Drowntimes
from before
Remember, please, this time, just how it feels:
The lasting hot sweet breath before the plunge,
Into the cool green depths, headfirst, and without luck —
Sweet luck, and Joy who brings the swallows home —
A nasty struggle back to reach the top.
The crack and rushing in the lungs, the blood
That pounds your temples and the crushing weight
Of air that must escape if you’re to be
Alive tomorrow, though that’s not your goal.
Still, the body wants to carry on.
There isn’t much you’d say about that age:
Respectful silence is what you’d prefer
Surround your past. You’re not that person now,
And though you thought the pain was permanent
It didn’t last past sunrise on the day
Your youth was spent. It seems a shameful waste,
Though youth remembered always calls regret.
And can you blame it? Parts of life are sweet,
Even in the dark night of the mind,
The soul still sings in freedom at the sight
Of nature’s brilliant sunrise over trees.
Regrettable that you’d still give that up
For surcease, for an end to all this pain
That flesh is heir to. Still, to end the eyes,
The thought of eyes, the hungry, empty nights
And shame and loneliness and future fears,
You’d forsake your days and seek the tide.
It’s hard to recollect those moments now,
The drowning dreams, the longing for the end,
The gasping grief, the heavy hurt, the walk
Each morning to the gauntlet of the bus
Where all the eyes upon you skittered off
When you looked up to meet them. Still, you try:
Correct evaluation wants recall.
It hurts at first, you know, because your lungs
Were built for sky, not water, and your limbs
For ground, not seafoam, and you’ve lost your voice.
The whales may sing, and dolphins, under waves;
Your throat has no such power in the deeps.
Still, this is what you asked for, what you’ve sought:
To still your thoughts and drift away at sea.
You’d squander all your moments to be free.
So kick once harder toward the ocean floor
If you can find it.

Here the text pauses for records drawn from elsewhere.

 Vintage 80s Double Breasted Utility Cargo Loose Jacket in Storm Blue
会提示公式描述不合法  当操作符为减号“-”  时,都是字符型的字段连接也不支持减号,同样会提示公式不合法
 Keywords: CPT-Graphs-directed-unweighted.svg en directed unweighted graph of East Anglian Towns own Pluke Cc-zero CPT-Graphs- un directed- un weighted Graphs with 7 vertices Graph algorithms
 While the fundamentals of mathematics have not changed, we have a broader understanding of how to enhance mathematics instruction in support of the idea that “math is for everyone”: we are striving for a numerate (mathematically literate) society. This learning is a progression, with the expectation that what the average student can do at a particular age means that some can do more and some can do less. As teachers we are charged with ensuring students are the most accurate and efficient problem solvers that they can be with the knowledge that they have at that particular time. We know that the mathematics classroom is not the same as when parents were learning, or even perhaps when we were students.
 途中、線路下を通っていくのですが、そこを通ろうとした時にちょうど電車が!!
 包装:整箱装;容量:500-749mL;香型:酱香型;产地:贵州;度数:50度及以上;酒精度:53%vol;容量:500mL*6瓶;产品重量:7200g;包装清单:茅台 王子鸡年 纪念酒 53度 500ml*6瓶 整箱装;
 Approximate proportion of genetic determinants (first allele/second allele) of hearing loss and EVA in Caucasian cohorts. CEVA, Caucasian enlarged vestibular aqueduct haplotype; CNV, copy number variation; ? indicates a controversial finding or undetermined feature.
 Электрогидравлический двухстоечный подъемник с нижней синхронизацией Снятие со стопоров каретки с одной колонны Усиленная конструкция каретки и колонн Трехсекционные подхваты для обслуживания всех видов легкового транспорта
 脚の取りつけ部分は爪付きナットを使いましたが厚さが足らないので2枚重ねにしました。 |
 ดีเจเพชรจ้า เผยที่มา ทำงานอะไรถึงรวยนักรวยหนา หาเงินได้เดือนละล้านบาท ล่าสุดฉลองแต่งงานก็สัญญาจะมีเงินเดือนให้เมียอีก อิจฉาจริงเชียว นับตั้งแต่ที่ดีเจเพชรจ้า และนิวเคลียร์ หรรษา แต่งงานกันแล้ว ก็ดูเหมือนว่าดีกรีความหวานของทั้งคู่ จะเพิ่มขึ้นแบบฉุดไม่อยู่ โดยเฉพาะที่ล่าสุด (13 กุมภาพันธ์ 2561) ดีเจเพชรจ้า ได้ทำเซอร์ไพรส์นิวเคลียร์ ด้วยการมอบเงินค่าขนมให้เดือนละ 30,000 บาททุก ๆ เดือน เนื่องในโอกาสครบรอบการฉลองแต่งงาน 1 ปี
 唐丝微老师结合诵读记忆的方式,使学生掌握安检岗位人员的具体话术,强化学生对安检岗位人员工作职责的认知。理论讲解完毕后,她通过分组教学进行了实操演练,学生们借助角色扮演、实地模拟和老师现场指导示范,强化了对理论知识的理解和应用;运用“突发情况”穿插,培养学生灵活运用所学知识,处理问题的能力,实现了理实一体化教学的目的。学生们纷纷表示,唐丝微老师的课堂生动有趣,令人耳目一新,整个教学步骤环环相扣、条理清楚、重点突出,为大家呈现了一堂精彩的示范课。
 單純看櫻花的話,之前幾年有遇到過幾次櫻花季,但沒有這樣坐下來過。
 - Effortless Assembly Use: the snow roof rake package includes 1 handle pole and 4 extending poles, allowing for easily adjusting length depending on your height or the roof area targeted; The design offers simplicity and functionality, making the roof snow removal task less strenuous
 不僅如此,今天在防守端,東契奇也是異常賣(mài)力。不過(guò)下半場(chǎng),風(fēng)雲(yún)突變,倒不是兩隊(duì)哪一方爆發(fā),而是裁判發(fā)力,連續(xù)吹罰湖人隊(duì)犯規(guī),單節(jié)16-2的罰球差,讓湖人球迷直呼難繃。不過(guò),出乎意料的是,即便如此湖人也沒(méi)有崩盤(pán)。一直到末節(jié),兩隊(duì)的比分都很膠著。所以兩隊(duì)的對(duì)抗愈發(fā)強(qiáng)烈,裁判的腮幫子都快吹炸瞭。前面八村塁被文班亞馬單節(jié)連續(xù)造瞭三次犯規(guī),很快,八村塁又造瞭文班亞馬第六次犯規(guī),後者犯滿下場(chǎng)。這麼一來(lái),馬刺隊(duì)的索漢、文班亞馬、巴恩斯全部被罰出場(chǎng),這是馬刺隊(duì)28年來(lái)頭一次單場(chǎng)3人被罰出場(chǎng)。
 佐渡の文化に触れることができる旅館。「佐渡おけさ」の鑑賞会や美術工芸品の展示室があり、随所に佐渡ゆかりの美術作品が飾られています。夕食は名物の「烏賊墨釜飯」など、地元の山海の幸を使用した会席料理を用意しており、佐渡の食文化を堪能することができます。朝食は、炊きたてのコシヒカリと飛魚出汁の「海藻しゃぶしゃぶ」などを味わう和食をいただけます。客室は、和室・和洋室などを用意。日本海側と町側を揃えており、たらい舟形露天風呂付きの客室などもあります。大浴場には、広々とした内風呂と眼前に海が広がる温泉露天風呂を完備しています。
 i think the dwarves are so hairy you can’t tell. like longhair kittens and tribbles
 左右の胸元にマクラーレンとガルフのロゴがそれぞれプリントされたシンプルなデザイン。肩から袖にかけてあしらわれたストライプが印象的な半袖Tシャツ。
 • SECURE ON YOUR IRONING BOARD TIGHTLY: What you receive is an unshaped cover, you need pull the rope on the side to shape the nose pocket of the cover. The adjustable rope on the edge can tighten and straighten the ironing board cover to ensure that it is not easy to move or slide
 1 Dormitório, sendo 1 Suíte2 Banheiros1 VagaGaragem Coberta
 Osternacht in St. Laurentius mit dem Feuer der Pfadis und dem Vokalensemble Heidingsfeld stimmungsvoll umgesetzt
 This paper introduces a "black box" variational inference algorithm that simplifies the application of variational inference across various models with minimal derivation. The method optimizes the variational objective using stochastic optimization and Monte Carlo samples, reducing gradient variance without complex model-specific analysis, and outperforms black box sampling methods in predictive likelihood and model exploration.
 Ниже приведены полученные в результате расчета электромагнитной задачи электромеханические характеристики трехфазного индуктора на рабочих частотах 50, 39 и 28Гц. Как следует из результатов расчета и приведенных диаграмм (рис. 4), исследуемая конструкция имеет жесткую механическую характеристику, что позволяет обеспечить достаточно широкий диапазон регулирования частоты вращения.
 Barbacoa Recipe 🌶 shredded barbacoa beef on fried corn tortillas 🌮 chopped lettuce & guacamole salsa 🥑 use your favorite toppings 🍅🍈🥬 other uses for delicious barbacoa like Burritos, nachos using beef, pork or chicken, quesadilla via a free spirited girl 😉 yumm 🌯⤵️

Take that empty breath
That breaks the rhythm of the ones before.
Become that foam for truth, consign your soul
To wander in the vast dark silences
Between the stars.
And maybe you remain.
Is it farfetched to think that girl still floats
In some forgotten time, in some lost tide
Or eddy of the ocean of your life?
Perhaps she drowned and you are but the foam
And jetsam of her wishful thoughts.
Is that so frightening?
When I was younger, I was in love with death.
More specifically, I was in love with the idea of dying tragically, possibly for love. I had never yet been in love, but I was a very sad and extremely dramatic child.
I also had a lot of dreams about drowning, many of them very vivid, that ended in waking up gasping for air.
Sometime in late middle school or early high school, I read a book called Drowntides by Sydney Van Scyoc. I don’t remember the story at all now, but it did cause me to write a blank verse poem that has haunted me ever since.
25 years later, I no longer have the original text of this poem. My attempt to reconstruct it is in the regular text above; I’m quite certain about the first stanza and the last six lines. I’ve interspersed that poem with italicized sections that detail the adult reaction to this reconstructed earlier poem.